Check out this piece of x86 ASM arcana:
lea edx, [edx+1]
What on earth? This appears to be functionally equivalent to:
inc edx
So, what, was the compiler/assembler or possibly the original coder just trying to show off with a single overachieving x86 instruction like lea? Actually, a closer analysis of the surrounding ASM instructions may reveal what is happening here:
cmp ebx, value mov al, [edx] lea edx, [edx+1] mov [edi], al lea edi, [edi+1] jz address
The conditional branch at the end of the block depends on the flags set by the comparison at the start. Per my understanding, neither mov nor lea modify flags but inc probably would (I can never find a good x86 reference– that includes flag data– when I need one). Why not perform the comparison just before the conditional branch? Mine is not to question why. But I imagine that someone will comment that this is an obscure optimization trick for original Pentium machines or some such.
That’s one of absolutely common optimization tricks.
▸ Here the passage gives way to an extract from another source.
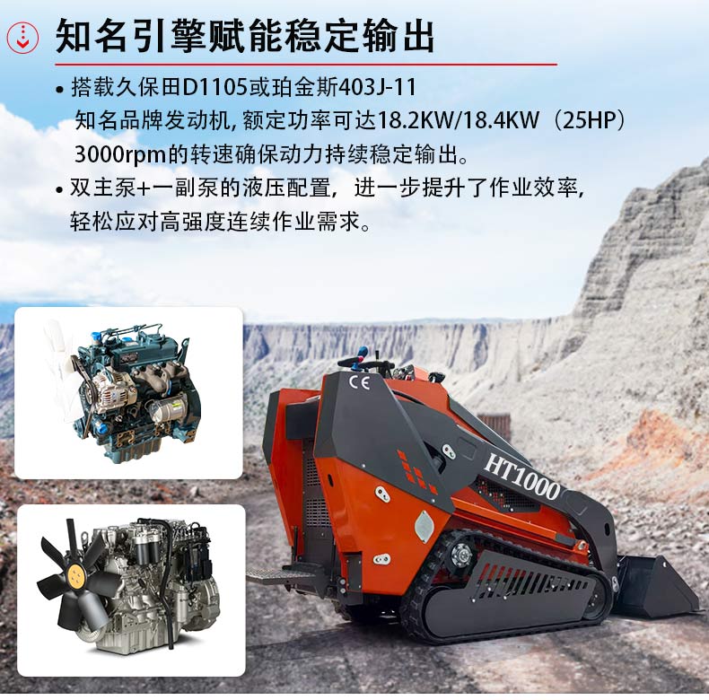 HT1000憑借專業(yè)越野屬性,輕松應(yīng)對泥濘、顛簸等復雜工況。25°的離去角與128mm的最小離地間隙,有效減少作業(yè)時底盤剮蹭風險,確保在坡道、坑洼路面順利通行。履帶式行走設(shè)計配合10km/h的行駛速度,兼顧通過性與移動效率,無論是戶外基建施工還是農(nóng)場土地整理,都能穩(wěn)定前行不“掉鏈”,為多場景作業(yè)提供可靠支撐。

Cmp shifted away from jz to minimize cpu’s branching prediction errors.
I’m so ignorant about optimizations so thanks for filling me in.
I finally dug around Intel’s site and found the manuals (again). Sure enough, the mov and lea instructions do not modify flags but inc could potentially modify the zero flag (actually, the mov instruction lists the flag states as undefined after the operation).